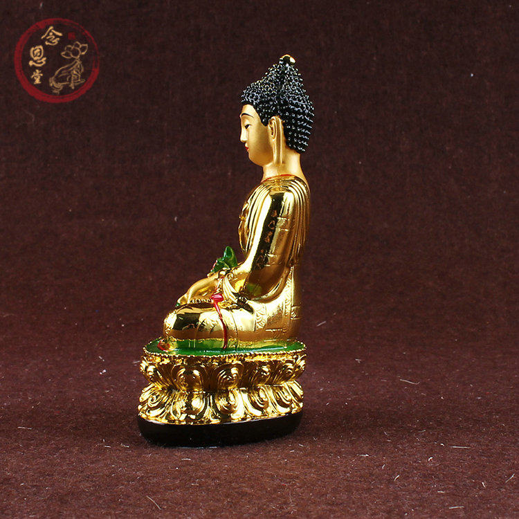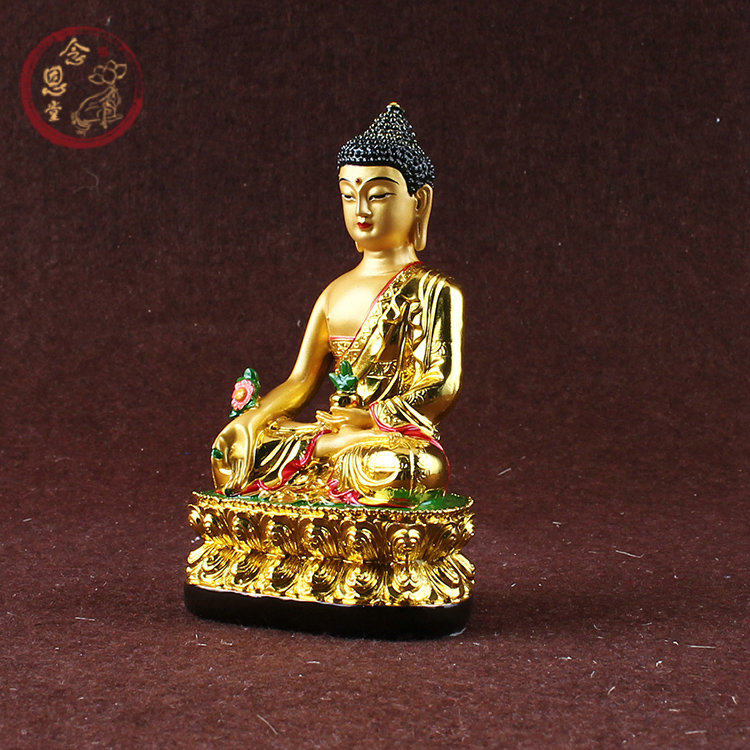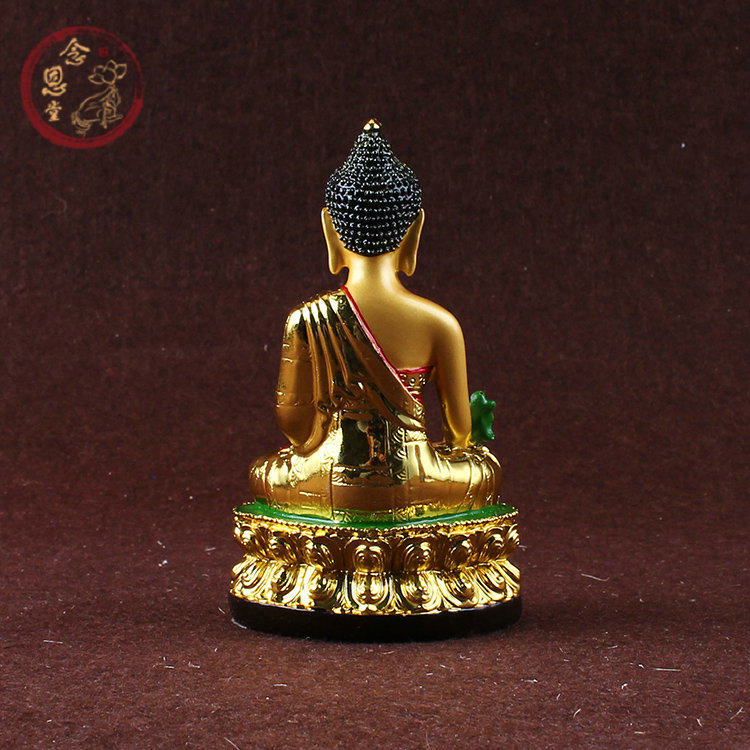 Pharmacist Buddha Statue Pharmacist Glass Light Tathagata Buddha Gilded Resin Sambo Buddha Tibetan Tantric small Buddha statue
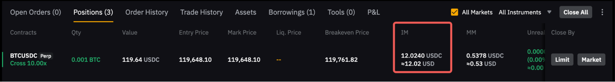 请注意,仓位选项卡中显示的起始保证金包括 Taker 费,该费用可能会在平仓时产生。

====

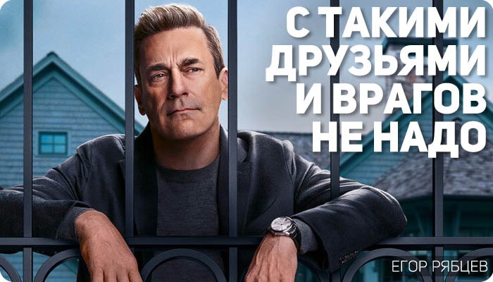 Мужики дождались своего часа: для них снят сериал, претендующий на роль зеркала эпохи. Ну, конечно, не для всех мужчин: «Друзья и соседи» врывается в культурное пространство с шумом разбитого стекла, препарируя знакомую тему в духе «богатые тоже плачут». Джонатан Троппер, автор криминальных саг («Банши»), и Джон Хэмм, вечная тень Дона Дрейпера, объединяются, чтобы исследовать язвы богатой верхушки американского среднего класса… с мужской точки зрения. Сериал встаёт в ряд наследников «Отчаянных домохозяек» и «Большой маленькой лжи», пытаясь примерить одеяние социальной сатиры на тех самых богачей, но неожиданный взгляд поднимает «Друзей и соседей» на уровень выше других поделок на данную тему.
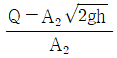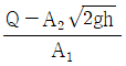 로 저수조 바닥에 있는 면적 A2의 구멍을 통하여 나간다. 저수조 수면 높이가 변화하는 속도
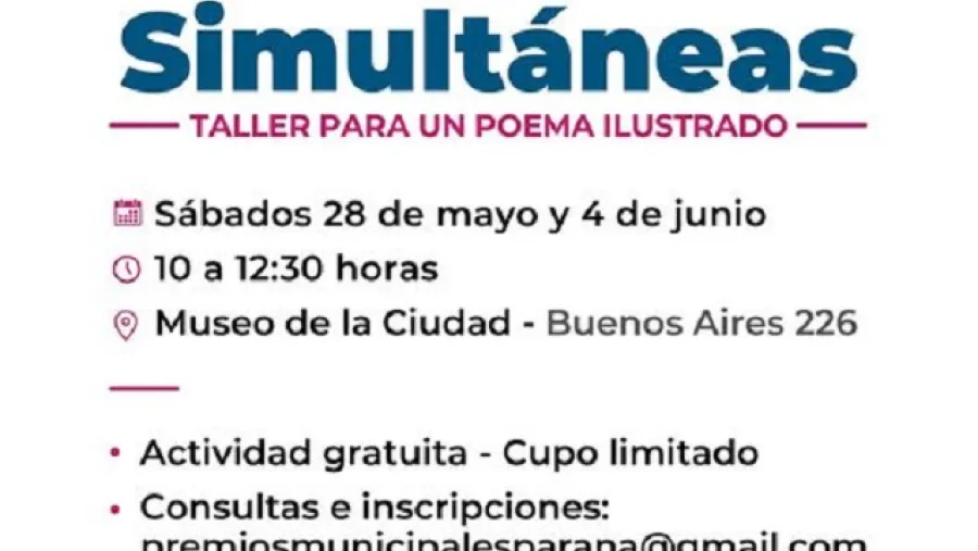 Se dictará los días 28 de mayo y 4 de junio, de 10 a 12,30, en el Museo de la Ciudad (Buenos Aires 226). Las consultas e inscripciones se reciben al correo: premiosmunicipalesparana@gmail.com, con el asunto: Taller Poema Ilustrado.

====

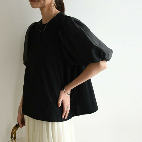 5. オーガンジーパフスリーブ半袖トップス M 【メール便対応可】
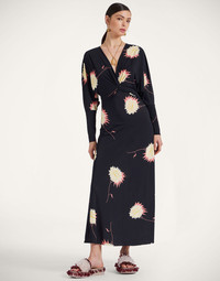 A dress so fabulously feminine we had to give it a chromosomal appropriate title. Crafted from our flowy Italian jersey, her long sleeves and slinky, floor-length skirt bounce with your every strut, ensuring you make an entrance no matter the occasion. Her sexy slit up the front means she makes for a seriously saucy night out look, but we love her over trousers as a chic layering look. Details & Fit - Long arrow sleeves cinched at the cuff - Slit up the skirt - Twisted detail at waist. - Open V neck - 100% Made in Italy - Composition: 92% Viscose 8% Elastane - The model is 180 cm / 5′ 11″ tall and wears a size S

====

● **ASSIGNED TASK**
"Pharmacist Buddha Statue" marks the first line to copy, and "请注意,仓位选项卡中显示的起始保证金包括 Taker 费,该费用可能会在平仓时产生。" marks the last. Repeat that stretch above exactly, with no pictures.

● **SOLUTION FOR THIS PROBLEM**
 Pharmacist Buddha Statue Pharmacist Glass Light Tathagata Buddha Gilded Resin Sambo Buddha Tibetan Tantric small Buddha statue
 请注意,仓位选项卡中显示的起始保证金包括 Taker 费,该费用可能会在平仓时产生。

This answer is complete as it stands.